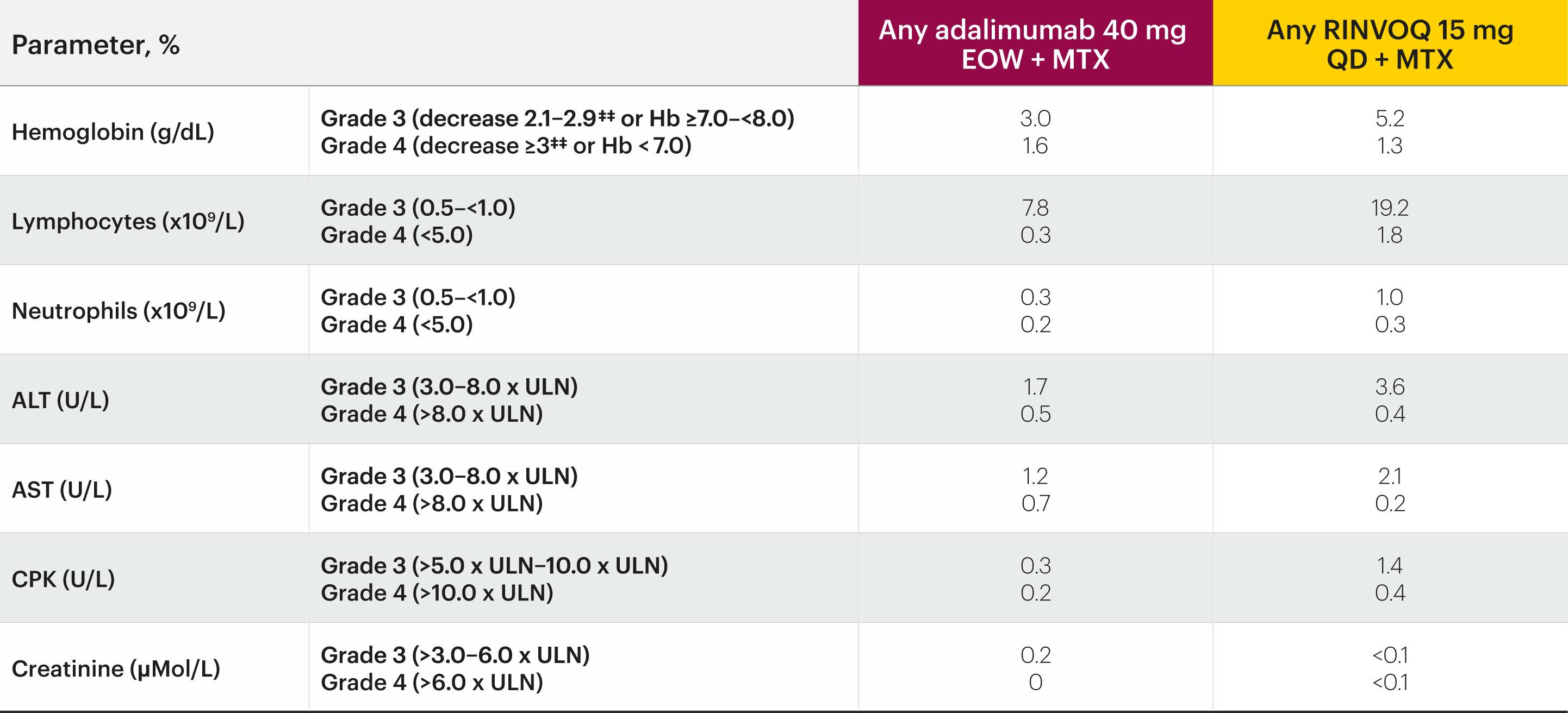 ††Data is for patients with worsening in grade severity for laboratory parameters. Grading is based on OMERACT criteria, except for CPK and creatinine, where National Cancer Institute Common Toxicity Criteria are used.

---+---

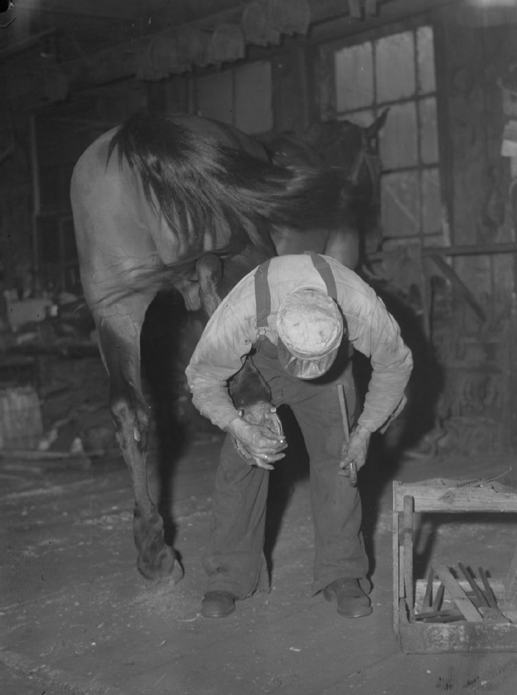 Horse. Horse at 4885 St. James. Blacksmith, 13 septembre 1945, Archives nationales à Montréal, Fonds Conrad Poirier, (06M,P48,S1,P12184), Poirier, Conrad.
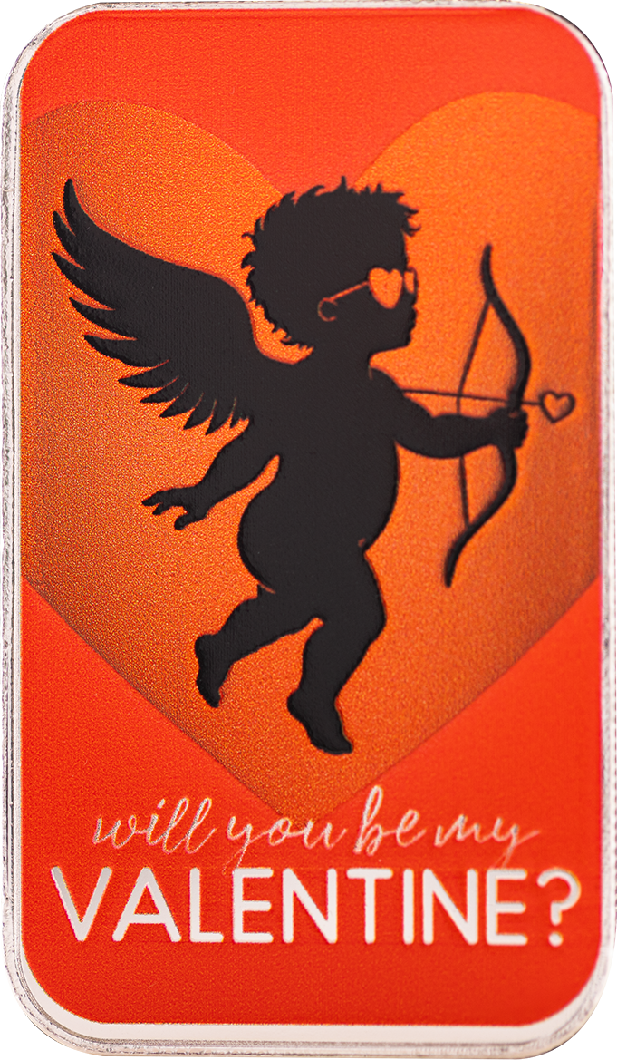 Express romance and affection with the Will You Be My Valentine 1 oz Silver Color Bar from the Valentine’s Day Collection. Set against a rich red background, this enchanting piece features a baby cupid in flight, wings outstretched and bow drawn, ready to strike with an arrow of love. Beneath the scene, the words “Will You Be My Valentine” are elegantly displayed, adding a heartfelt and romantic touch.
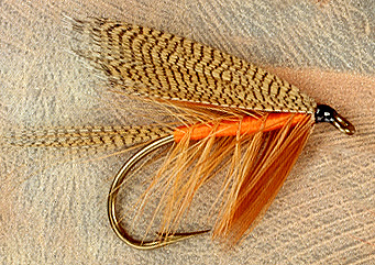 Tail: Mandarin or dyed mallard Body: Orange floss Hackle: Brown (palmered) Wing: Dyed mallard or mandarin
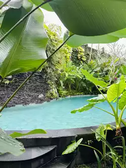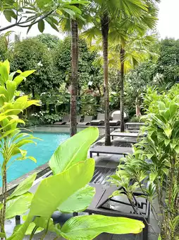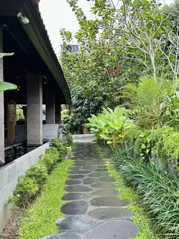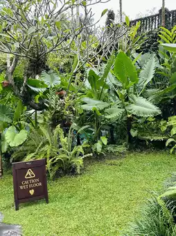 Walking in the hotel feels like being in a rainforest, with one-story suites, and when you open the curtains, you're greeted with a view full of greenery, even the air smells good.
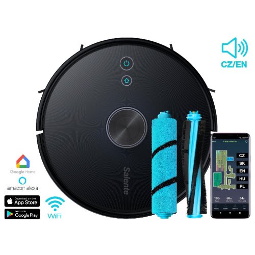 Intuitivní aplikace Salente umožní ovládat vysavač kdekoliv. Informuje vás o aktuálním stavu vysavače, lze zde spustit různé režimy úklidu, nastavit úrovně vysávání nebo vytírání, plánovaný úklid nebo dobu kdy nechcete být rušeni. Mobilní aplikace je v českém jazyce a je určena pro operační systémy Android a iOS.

---+---

* _WHAT YOU NEED TO DO_: Starting with the line that has "Express romance and" and ending with the line that has "Walking in the", repeat the lines above exactly, omitting every picture.

* _EXERCISE ANSWER_:
 Express romance and affection with the Will You Be My Valentine 1 oz Silver Color Bar from the Valentine’s Day Collection. Set against a rich red background, this enchanting piece features a baby cupid in flight, wings outstretched and bow drawn, ready to strike with an arrow of love. Beneath the scene, the words “Will You Be My Valentine” are elegantly displayed, adding a heartfelt and romantic touch.
 Tail: Mandarin or dyed mallard Body: Orange floss Hackle: Brown (palmered) Wing: Dyed mallard or mandarin
 Walking in the hotel feels like being in a rainforest, with one-story suites, and when you open the curtains, you're greeted with a view full of greenery, even the air smells good.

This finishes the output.